Despite that finding, a grand jury decided not to indict any of the officers. 

Sherrilyn Ifill of the NAACP Legal Defense and Education Fund called the video "an absolute nightmare," tweeting: "Grand jury refuses to indict any. That's how it usually happens."

Chris Vanderveen, director of reporting at KUSA in Denver, tweeted that this is the 121st prone police restraint death he has logged. 

One of Jennette's daughters, Dominque Jennette, filed a lawsuit (pdf) this February against Marshall County, the city of Lewisburg, and several of the officers involved. The suit alleges the officers' "savage beating" and "suffocation" of Jennette caused his death, and constitute a "deprivation of civil rights" under the Fourteenth Amendment. 

"That just breaks my heart because he was someone worth knowing," his daughter told WTVF. "That's just something that really sticks with me, how scared he must have been and how alone he must have felt."

Dominique Jennette said she believes the officers "should have been more aware."

"They should have been trained properly, and they weren't," she added.

Seth Stoughton, a law professor and former police officer, told WTVF that the video shows "the exact opposite of what generally accepted training has taught officers for the last 25 years."

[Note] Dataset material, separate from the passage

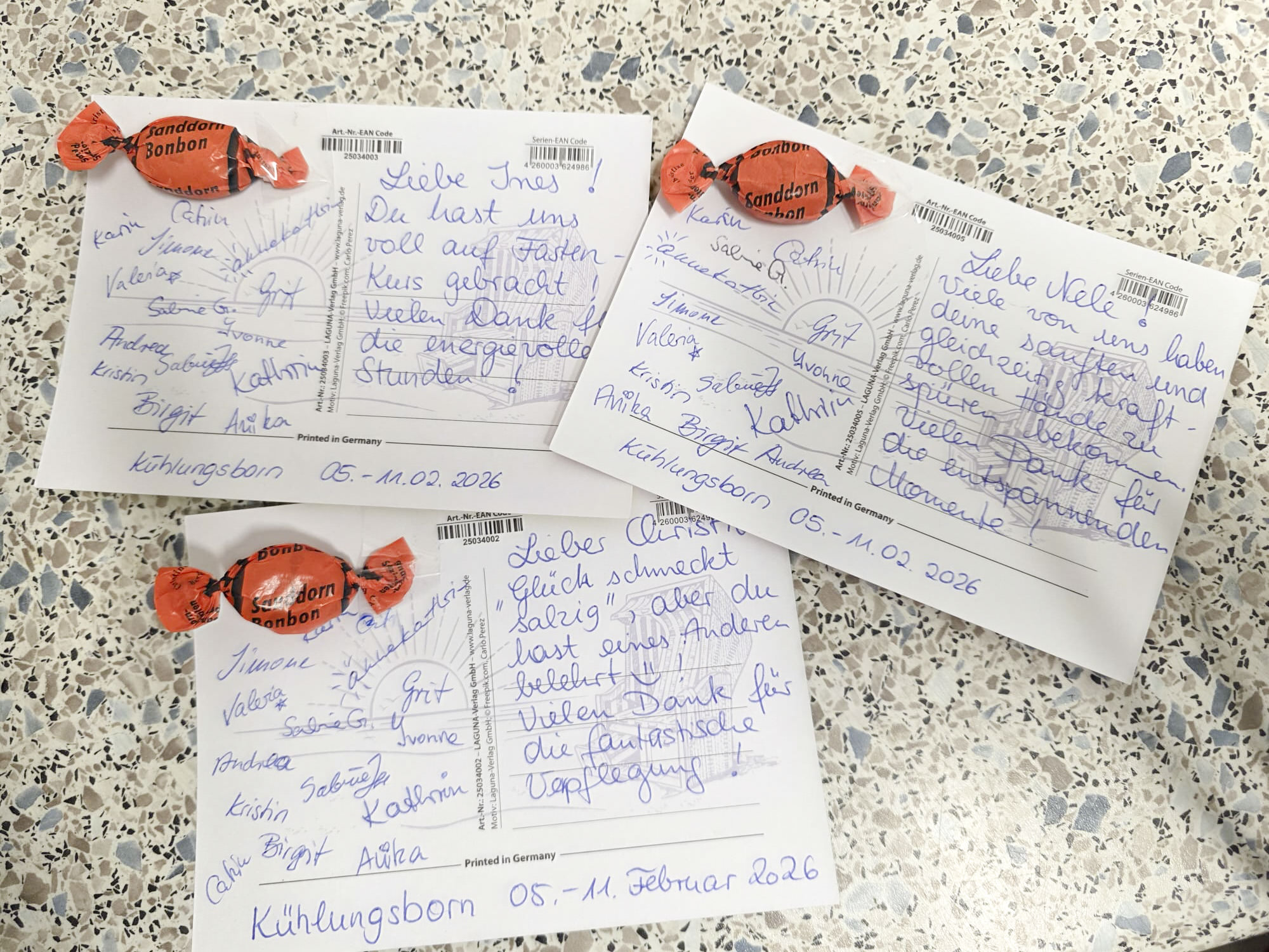 ganz herzlichen Dank für diese (wie immer) super schöne Woche. Man merkt, dass du das was du uns als Fastengruppe vermittelst, auch wirklich lebst. Und das ist immer wieder inspirierend.

"When the handcuffs came on, they should have rotated the guy to his side," asserted Stoughton. "There's approximately a three-minute, 43-second period after officers have applied handcuffs where they keep the individual in the prone position, and that's not acceptable."

The video's release came one day after the Associated Press published footage it obtained of Louisiana state troopers stunning, punching, kicking, choking, and dragging 49-year-old Ronald Greene, who died during a May 2019 arrest following a high-speed chase.